# [Entries provided]
○ ○ ○ ○

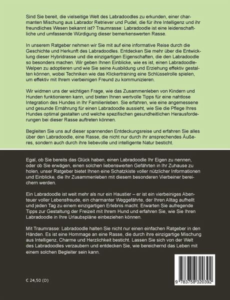 Sind Sie bereit, die vielseitige Welt des Labradoodles zu erkunden, einer charmanten Mischung aus Labrador Retriever und Pudel, die für ihre Intelligenz und ihr freundliches Wesen bekannt ist? Traumrasse: Labradoodle ist eine leidenschaftliche und umfassende Würdigung dieser bemerkenswerten Rasse.In unserem Ratgeber nehmen wir Sie mit auf eine informative Reise durch die Geschichte und Herkunft des Labradoodles. Entdecken Sie mehr über die Entwicklung dieser Hybridrasse und die einzigartigen Eigenschaften, die den Labradoodle so besonders machen. Wir geben Ihnen Einblicke, wie es ist, einen Labradoodle-Welpen zu adoptieren und wie Sie seine Ausbildung und Erziehung effektiv gestalten können, wobei Techniken wie das Klickertraining eine Schlüsselrolle spielen, um effektiv mit Ihrem vierbeinigen Freund zu kommunizieren.Wir widmen uns der wichtigen Frage, wie das Zusammenleben von Kindern und Hunden funktionieren kann, und bieten Ihnen wertvolle Tipps für eine nahtlose Integration des Hundes in Ihr Familienleben. Sie erfahren, wie eine angemessene und gesunde Ernährung für einen Labradoodle aussieht, wie Sie die Pflege Ihres Hundes optimal gestalten und welche spezifischen gesundheitlichen Herausforderungen bei dieser Rasse auftreten können.Begleiten Sie uns auf dieser spannenden Entdeckungsreise und erfahren Sie alles über den Labradoodle, eine Rasse, die nicht nur durch ihr ansprechendes Äußeres, sondern auch durch ihre liebevolle und intelligente Natur besticht.Egal, ob Sie bereits das Glück haben, einen Labradoodle Ihr Eigen zu nennen, oder ob Sie erwägen, einen solchen liebenswerten Gefährten in Ihr Zuhause zu holen, unser Ratgeber bietet Ihnen eine Schatzkiste voller nützlicher Informationen und Einblicke, die Ihr Zusammenleben mit diesem besonderen Vierbeiner bereichern werden.Ein Labradoodle ist weit mehr als nur ein Haustier - er ist ein vierbeiniges Abenteuer voller Lebensfreude, ein charmanter Weggefährte, der Ihren Alltag aufhellt und jeden Tag zu einem einzigartigen Erlebnis macht. Erwarten Sie aufregende Tipps zur Gestaltung der Freizeit mit Ihrem Hund und erfahren Sie, wie Sie Ihren Labradoodle in Ihre Urlaubspläne einbeziehen können.Mit Traumrasse: Labradoodle halten Sie nicht nur einen einfachen Ratgeber in den Händen. Es ist eine Hommage an eine Rasse, die durch ihre einzigartige Mischung aus Intelligenz, Charme und Herzlichkeit besticht. Lassen Sie sich von der Welt des Labradoodles verzaubern und entdecken Sie, wie bereichernd
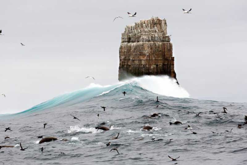 Pedra Branca is a 2.5 ha rock or small island about 26 km south-south-east of South East Cape, Tasmania. It is known for its inaccessibility, rich marine wildlife, wet and windy weather, interesting geology and large waves. It is part of the Southwest National Park, and thus in the Tasmanian Wilderness World Heritage Site. An erosional remnant of the Tasmanian mainland, Pedra Branca is approximately 270 metres long, 100 metres wide, and 60 metres high. This is small enough to provide an example of an outcrop that lies on the border between being a rock or islet and an island.
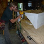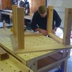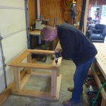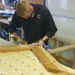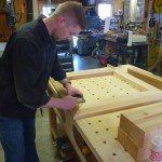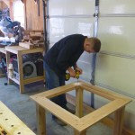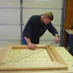 Author assembles the frames on a flat surface, driving pocket screws to secure the corner joints.
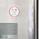 Un imán de agradecimiento con un diseño de boda moderno - labios rosados glamurosos y una ilustración de bigote masculino con estilo retro. Puesto en un fondo de Chevron melocotón con un círculo superpuesto encima. El círculo tiene un borde de gradiente de rosa dorado. El texto dentro dice Sr. y Sra. y puedes personalizar con tus nombres y fecha de boda.
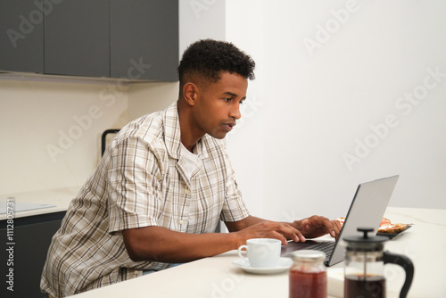 black, african american, ethnic, home, laptop, kitchen, relaxed, modern, lifestyle, technology, man, hot drink, breakfast, casual attire, domestic, interior, young, human relationships, communication, workspace, leisure, together, bond, partnership, male, domesticity, morning, informal, serene, environment, connection, scene, indoor, companion, oneness, computing, calmness, light, simplicity, curly hair, half face
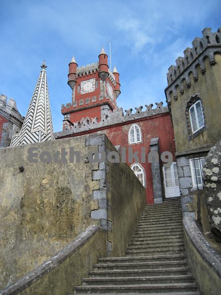こんな感じで城壁が建てられています。ちょっと万里の長城みたいですね。右に見える山頂に建てられているカラフルな建物がペーナ国立宮殿(Palácio Nacional da Pena)です。
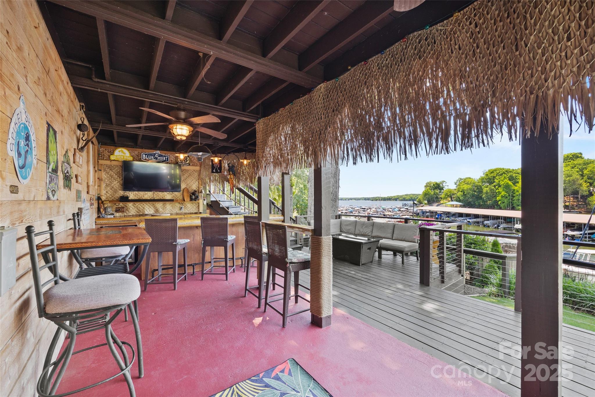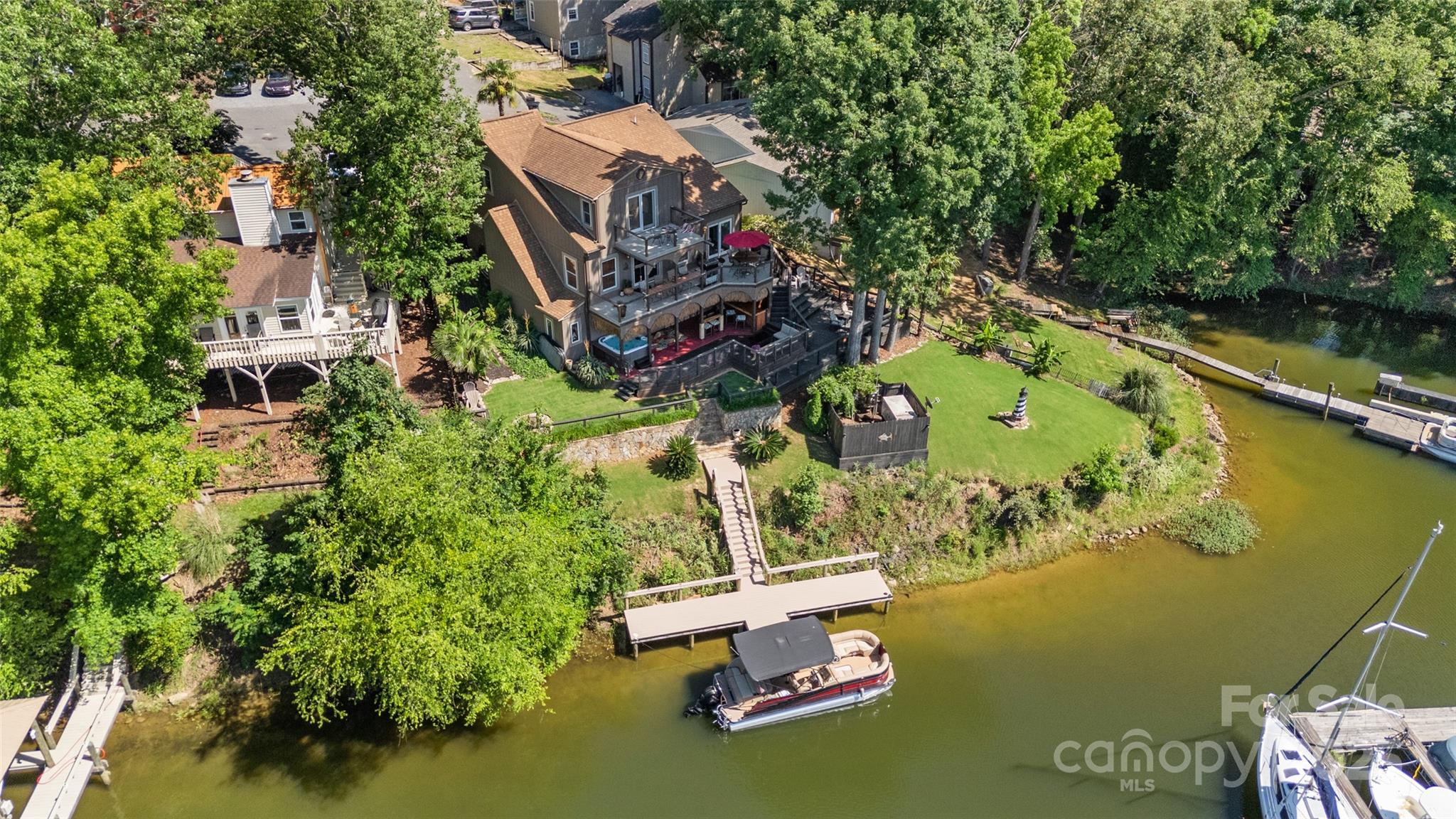 With sunset views looking out onto Lake Wylie from a private cove, this waterfront home is truly a slice of paradise! Outdoor entertaining spaces galore incl a Barefoot hot tub & custom built bar, 2 addl levels of decks w/ cable railing to take advantage of the views, stone fire pit w/ a fenced lawn area & rock retaining wall, & last but not least, a new PERMITTED private dock w/ composite decking. The same theme of thought & care was put into the inside, incl a complete kitchen remodel w/ details such as custom wood beams & luxury plank Pergo flooring that runs throughout the main. The primary suite boasts a private deck, & bath will leave you speechless - completely redone to incl an enormous walk-in dual shower & tub area w/ river rock, skylight, dual sinks, & more. The basement is a walk out providing tons of natural light, & fully remodeled bath w/ spa shower. No expense was spared making this home ready for you to move right in! Video: https://www.youtube.com/watch?v=XufO7SpdI9w
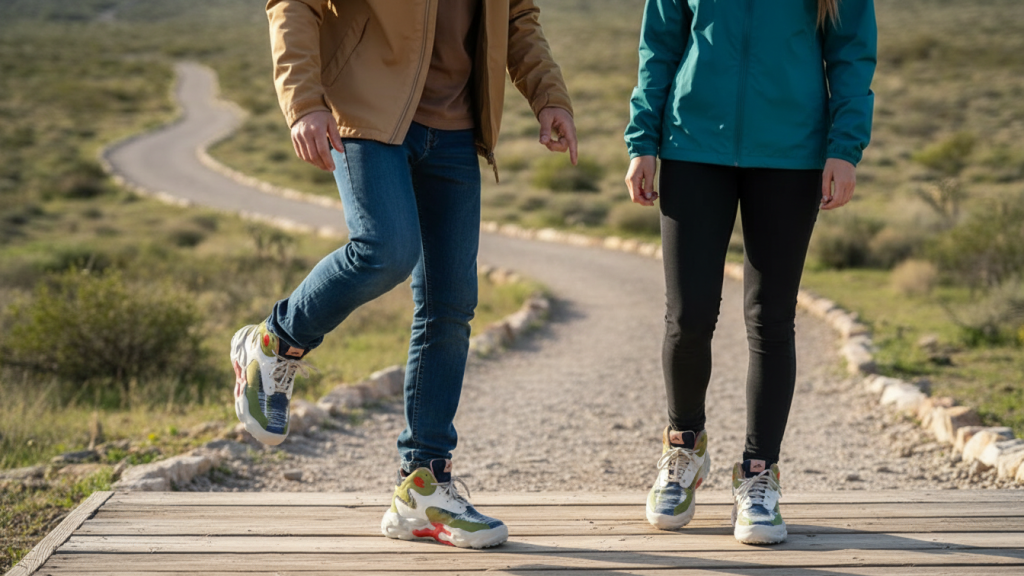 Below are five travel-friendly options (women’s fashion-forward walkers + a more rugged men’s option), with quick guidance on who each fits best.
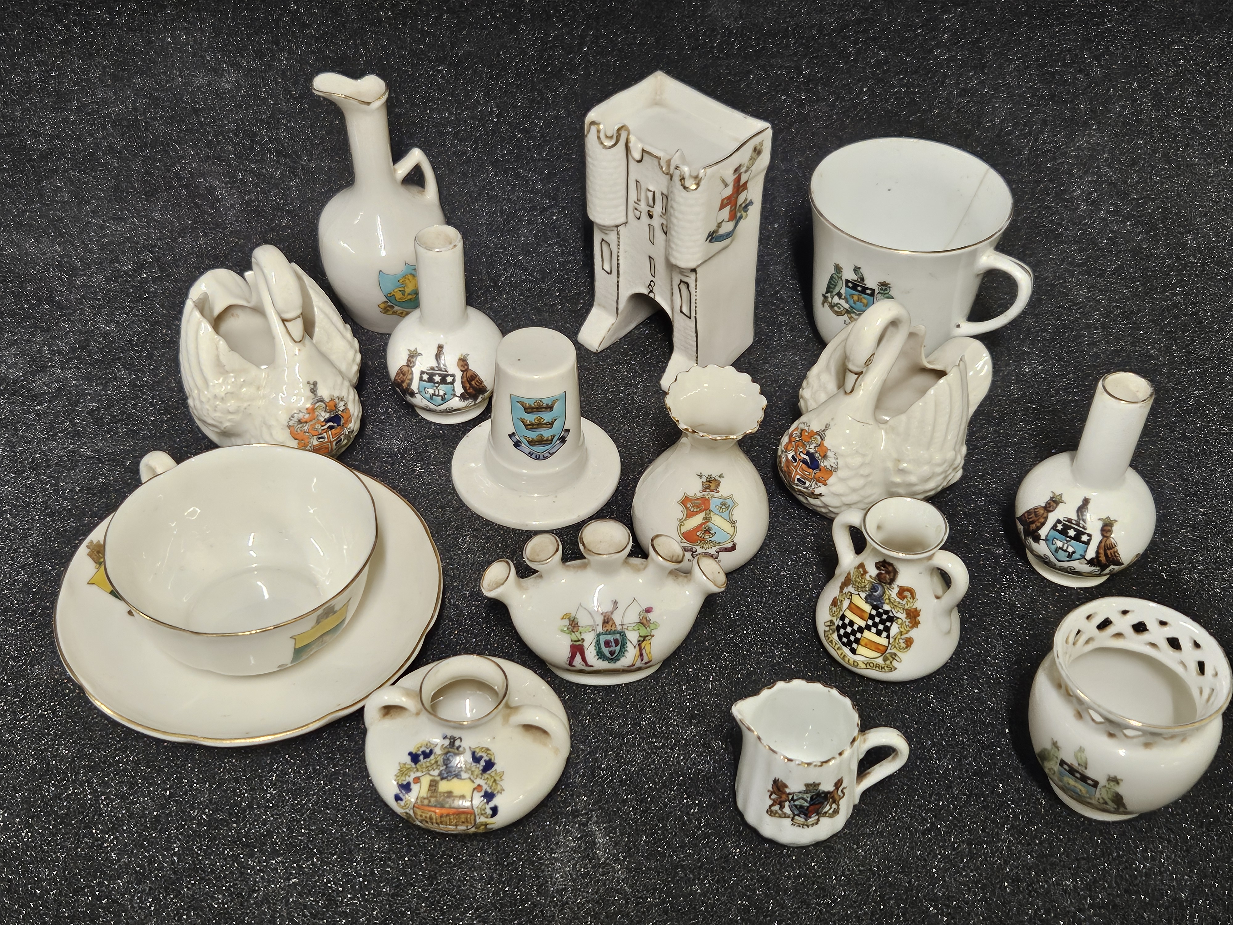 A selection of crested ware, Harrogate swans, York toll, Leeds vase, Skipton tea cup, Hull topper, etc, (af)
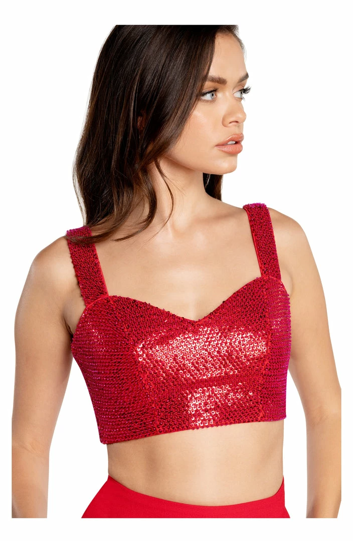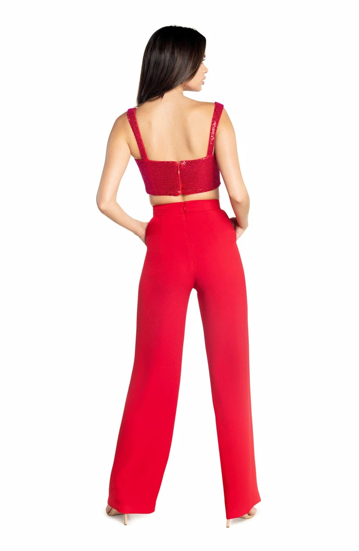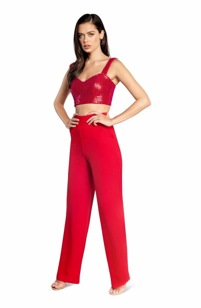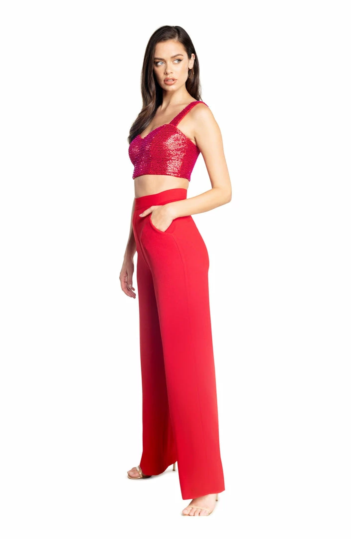 Two for one! Our perfect wide leg pant is paired with this luxe sequin crop top. The top is lined in knit lining for comfort.
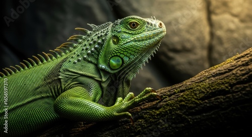 © MST, Fototapeta premium Close up of a detailed green iguana resting on a textured tree branch
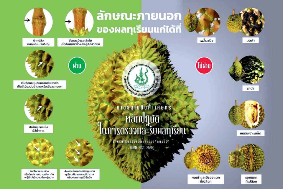 ข้อกำหนดของมาตรฐาน ได้แก่ การตรวจรับผลทุเรียนสดของโรงคัดบรรจุทุเรียนสด (ล้ง) ความรู้ความสามารถของผู้ตรวจสอบความแก่-อ่อนของทุเรียน (QC ล้ง) รวมถึงการบันทึกข้อมูลการปฏิบัติงาน อีกทั้งทำการสุ่มตรวจเปอร์เซ็นต์น้ำหนักเนื้อแห้งของทุเรียน (%แป้ง) ในกรณีที่พบทุเรียนอ่อนจะสั่งให้โรงคัดบรรจุทุเรียนผลสด (ล้ง) คัดแยกทุเรียนอ่อนออก และสั่งห้ามมิให้นำไปจำหน่ายเพื่อการบริโภค และทำบันทึกตักเตือนให้ดำเนินการตามข้อกำหนดของมาตรฐานดังกล่าวอย่างเข้มงวด อีกทั้งแจ้งบทกำหนดโทษของมาตรการพักใช้หรือเพิกถอนใบอนุญาต หากมีการตรวจพบการกระทำผิดซ้ำ รวมถึงแจ้งหน่วยรับรองมาตรฐาน (CB) เข้าตรวจสอบเพิ่มเติมและพิจารณาพักใช้ใบรับรองมาตรฐานดังกล่าวของโรงคัดบรรจุทุเรียนผลสด (ล้ง) ผลการตรวจสอบพบ โรงคัดบรรจุทุเรียนผลสด (ล้ง) จำนวน 21 แห่ง ฝ่าฝืนไม่ปฏิบัติตามมาตรฐาน และพบทุเรียนอ่อน เจ้าหน้าที่ได้สั่งให้คัดแยกทุเรียนอ่อนออกและสั่งห้ามมิให้นำไปจำหน่ายเพื่อการบริโภค พร้อมทั้งแจ้งถึงบทกำหนดโทษ

○ ○ ○ ○

# [What is expected]
Print the records above verbatim, minus any pictures.

# [The answer]
 Sind Sie bereit, die vielseitige Welt des Labradoodles zu erkunden, einer charmanten Mischung aus Labrador Retriever und Pudel, die für ihre Intelligenz und ihr freundliches Wesen bekannt ist? Traumrasse: Labradoodle ist eine leidenschaftliche und umfassende Würdigung dieser bemerkenswerten Rasse.In unserem Ratgeber nehmen wir Sie mit auf eine informative Reise durch die Geschichte und Herkunft des Labradoodles. Entdecken Sie mehr über die Entwicklung dieser Hybridrasse und die einzigartigen Eigenschaften, die den Labradoodle so besonders machen. Wir geben Ihnen Einblicke, wie es ist, einen Labradoodle-Welpen zu adoptieren und wie Sie seine Ausbildung und Erziehung effektiv gestalten können, wobei Techniken wie das Klickertraining eine Schlüsselrolle spielen, um effektiv mit Ihrem vierbeinigen Freund zu kommunizieren.Wir widmen uns der wichtigen Frage, wie das Zusammenleben von Kindern und Hunden funktionieren kann, und bieten Ihnen wertvolle Tipps für eine nahtlose Integration des Hundes in Ihr Familienleben. Sie erfahren, wie eine angemessene und gesunde Ernährung für einen Labradoodle aussieht, wie Sie die Pflege Ihres Hundes optimal gestalten und welche spezifischen gesundheitlichen Herausforderungen bei dieser Rasse auftreten können.Begleiten Sie uns auf dieser spannenden Entdeckungsreise und erfahren Sie alles über den Labradoodle, eine Rasse, die nicht nur durch ihr ansprechendes Äußeres, sondern auch durch ihre liebevolle und intelligente Natur besticht.Egal, ob Sie bereits das Glück haben, einen Labradoodle Ihr Eigen zu nennen, oder ob Sie erwägen, einen solchen liebenswerten Gefährten in Ihr Zuhause zu holen, unser Ratgeber bietet Ihnen eine Schatzkiste voller nützlicher Informationen und Einblicke, die Ihr Zusammenleben mit diesem besonderen Vierbeiner bereichern werden.Ein Labradoodle ist weit mehr als nur ein Haustier - er ist ein vierbeiniges Abenteuer voller Lebensfreude, ein charmanter Weggefährte, der Ihren Alltag aufhellt und jeden Tag zu einem einzigartigen Erlebnis macht. Erwarten Sie aufregende Tipps zur Gestaltung der Freizeit mit Ihrem Hund und erfahren Sie, wie Sie Ihren Labradoodle in Ihre Urlaubspläne einbeziehen können.Mit Traumrasse: Labradoodle halten Sie nicht nur einen einfachen Ratgeber in den Händen. Es ist eine Hommage an eine Rasse, die durch ihre einzigartige Mischung aus Intelligenz, Charme und Herzlichkeit besticht. Lassen Sie sich von der Welt des Labradoodles verzaubern und entdecken Sie, wie bereichernd
 Pedra Branca is a 2.5 ha rock or small island about 26 km south-south-east of South East Cape, Tasmania. It is known for its inaccessibility, rich marine wildlife, wet and windy weather, interesting geology and large waves. It is part of the Southwest National Park, and thus in the Tasmanian Wilderness World Heritage Site. An erosional remnant of the Tasmanian mainland, Pedra Branca is approximately 270 metres long, 100 metres wide, and 60 metres high. This is small enough to provide an example of an outcrop that lies on the border between being a rock or islet and an island.
 Author assembles the frames on a flat surface, driving pocket screws to secure the corner joints.
 Un imán de agradecimiento con un diseño de boda moderno - labios rosados glamurosos y una ilustración de bigote masculino con estilo retro. Puesto en un fondo de Chevron melocotón con un círculo superpuesto encima. El círculo tiene un borde de gradiente de rosa dorado. El texto dentro dice Sr. y Sra. y puedes personalizar con tus nombres y fecha de boda.
 black, african american, ethnic, home, laptop, kitchen, relaxed, modern, lifestyle, technology, man, hot drink, breakfast, casual attire, domestic, interior, young, human relationships, communication, workspace, leisure, together, bond, partnership, male, domesticity, morning, informal, serene, environment, connection, scene, indoor, companion, oneness, computing, calmness, light, simplicity, curly hair, half face
こんな感じで城壁が建てられています。ちょっと万里の長城みたいですね。右に見える山頂に建てられているカラフルな建物がペーナ国立宮殿(Palácio Nacional da Pena)です。
 With sunset views looking out onto Lake Wylie from a private cove, this waterfront home is truly a slice of paradise! Outdoor entertaining spaces galore incl a Barefoot hot tub & custom built bar, 2 addl levels of decks w/ cable railing to take advantage of the views, stone fire pit w/ a fenced lawn area & rock retaining wall, & last but not least, a new PERMITTED private dock w/ composite decking. The same theme of thought & care was put into the inside, incl a complete kitchen remodel w/ details such as custom wood beams & luxury plank Pergo flooring that runs throughout the main. The primary suite boasts a private deck, & bath will leave you speechless - completely redone to incl an enormous walk-in dual shower & tub area w/ river rock, skylight, dual sinks, & more. The basement is a walk out providing tons of natural light, & fully remodeled bath w/ spa shower. No expense was spared making this home ready for you to move right in! Video: https://www.youtube.com/watch?v=XufO7SpdI9w
 Below are five travel-friendly options (women’s fashion-forward walkers + a more rugged men’s option), with quick guidance on who each fits best.
 A selection of crested ware, Harrogate swans, York toll, Leeds vase, Skipton tea cup, Hull topper, etc, (af)
 Two for one! Our perfect wide leg pant is paired with this luxe sequin crop top. The top is lined in knit lining for comfort.
 © MST, Fototapeta premium Close up of a detailed green iguana resting on a textured tree branch
 ข้อกำหนดของมาตรฐาน ได้แก่ การตรวจรับผลทุเรียนสดของโรงคัดบรรจุทุเรียนสด (ล้ง) ความรู้ความสามารถของผู้ตรวจสอบความแก่-อ่อนของทุเรียน (QC ล้ง) รวมถึงการบันทึกข้อมูลการปฏิบัติงาน อีกทั้งทำการสุ่มตรวจเปอร์เซ็นต์น้ำหนักเนื้อแห้งของทุเรียน (%แป้ง) ในกรณีที่พบทุเรียนอ่อนจะสั่งให้โรงคัดบรรจุทุเรียนผลสด (ล้ง) คัดแยกทุเรียนอ่อนออก และสั่งห้ามมิให้นำไปจำหน่ายเพื่อการบริโภค และทำบันทึกตักเตือนให้ดำเนินการตามข้อกำหนดของมาตรฐานดังกล่าวอย่างเข้มงวด อีกทั้งแจ้งบทกำหนดโทษของมาตรการพักใช้หรือเพิกถอนใบอนุญาต หากมีการตรวจพบการกระทำผิดซ้ำ รวมถึงแจ้งหน่วยรับรองมาตรฐาน (CB) เข้าตรวจสอบเพิ่มเติมและพิจารณาพักใช้ใบรับรองมาตรฐานดังกล่าวของโรงคัดบรรจุทุเรียนผลสด (ล้ง) ผลการตรวจสอบพบ โรงคัดบรรจุทุเรียนผลสด (ล้ง) จำนวน 21 แห่ง ฝ่าฝืนไม่ปฏิบัติตามมาตรฐาน และพบทุเรียนอ่อน เจ้าหน้าที่ได้สั่งให้คัดแยกทุเรียนอ่อนออกและสั่งห้ามมิให้นำไปจำหน่ายเพื่อการบริโภค พร้อมทั้งแจ้งถึงบทกำหนดโทษ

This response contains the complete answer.